Segment Start: INFORMATION SUPPLIED

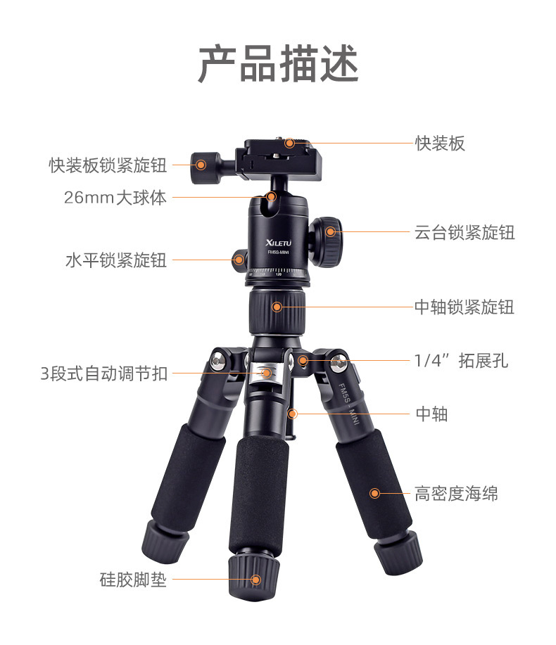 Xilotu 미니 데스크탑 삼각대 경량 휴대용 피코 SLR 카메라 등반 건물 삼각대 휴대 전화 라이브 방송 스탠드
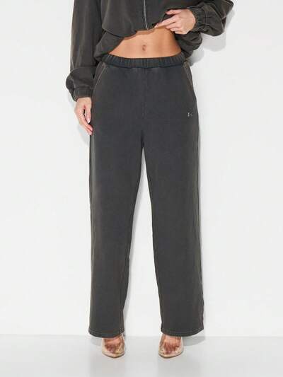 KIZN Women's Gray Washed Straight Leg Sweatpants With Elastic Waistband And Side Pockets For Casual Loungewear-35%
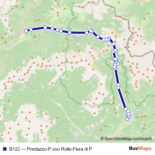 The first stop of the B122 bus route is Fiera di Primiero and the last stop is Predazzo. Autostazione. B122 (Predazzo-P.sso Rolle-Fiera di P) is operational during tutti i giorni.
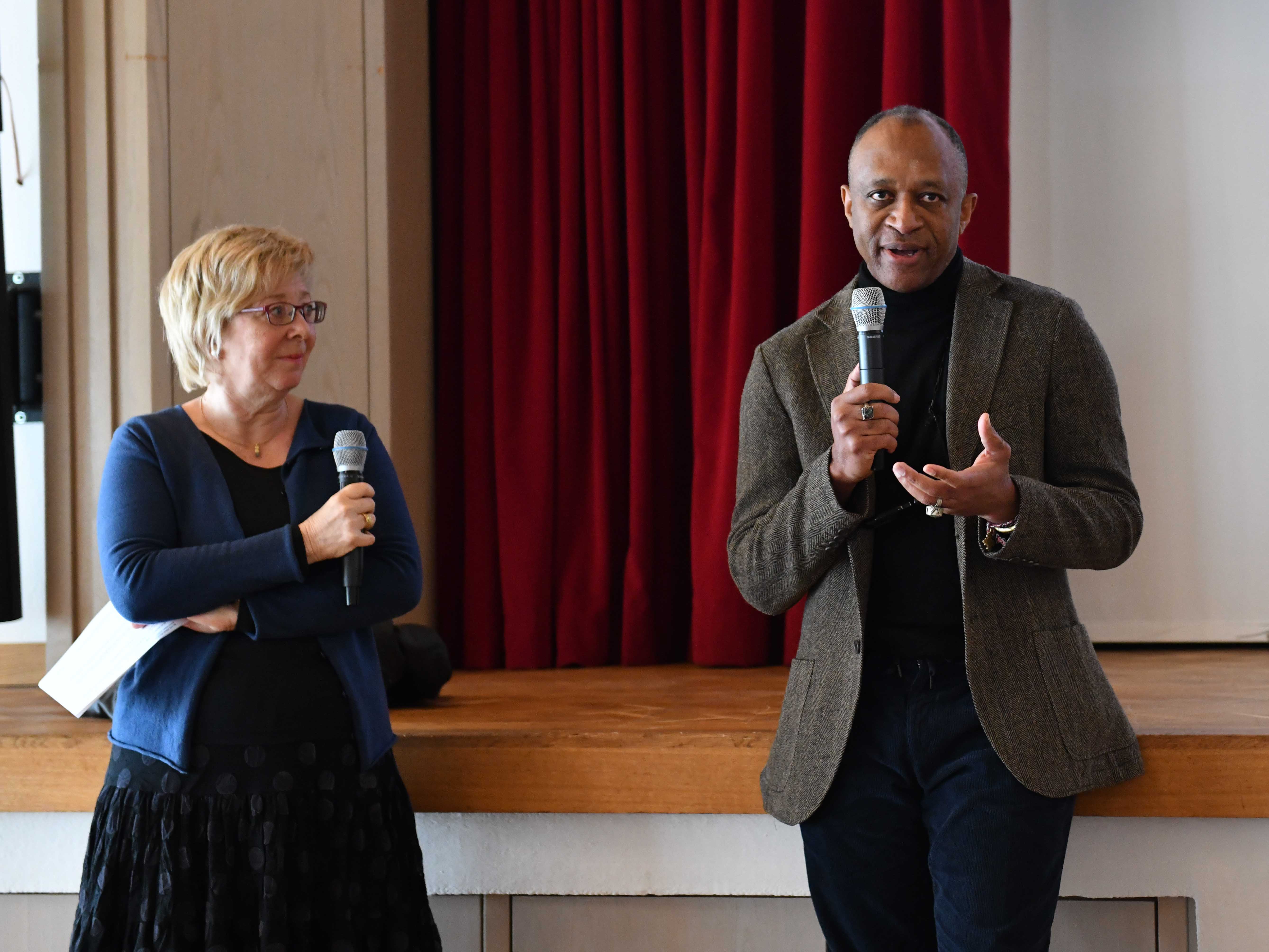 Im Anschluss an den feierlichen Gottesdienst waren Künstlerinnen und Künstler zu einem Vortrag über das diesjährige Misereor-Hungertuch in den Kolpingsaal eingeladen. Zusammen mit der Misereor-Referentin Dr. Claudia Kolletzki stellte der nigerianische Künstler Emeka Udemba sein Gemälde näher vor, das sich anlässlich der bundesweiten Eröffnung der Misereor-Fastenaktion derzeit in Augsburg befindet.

Segment End: INFORMATION SUPPLIED

PROBLEM DETAILS | In the copy, include each line from the start of the material through the line with "The first stop", word for word, but none of the pictures.

TASK OUTPUT |
 Xilotu 미니 데스크탑 삼각대 경량 휴대용 피코 SLR 카메라 등반 건물 삼각대 휴대 전화 라이브 방송 스탠드
 KIZN Women's Gray Washed Straight Leg Sweatpants With Elastic Waistband And Side Pockets For Casual Loungewear-35%
 The first stop of the B122 bus route is Fiera di Primiero and the last stop is Predazzo. Autostazione. B122 (Predazzo-P.sso Rolle-Fiera di P) is operational during tutti i giorni.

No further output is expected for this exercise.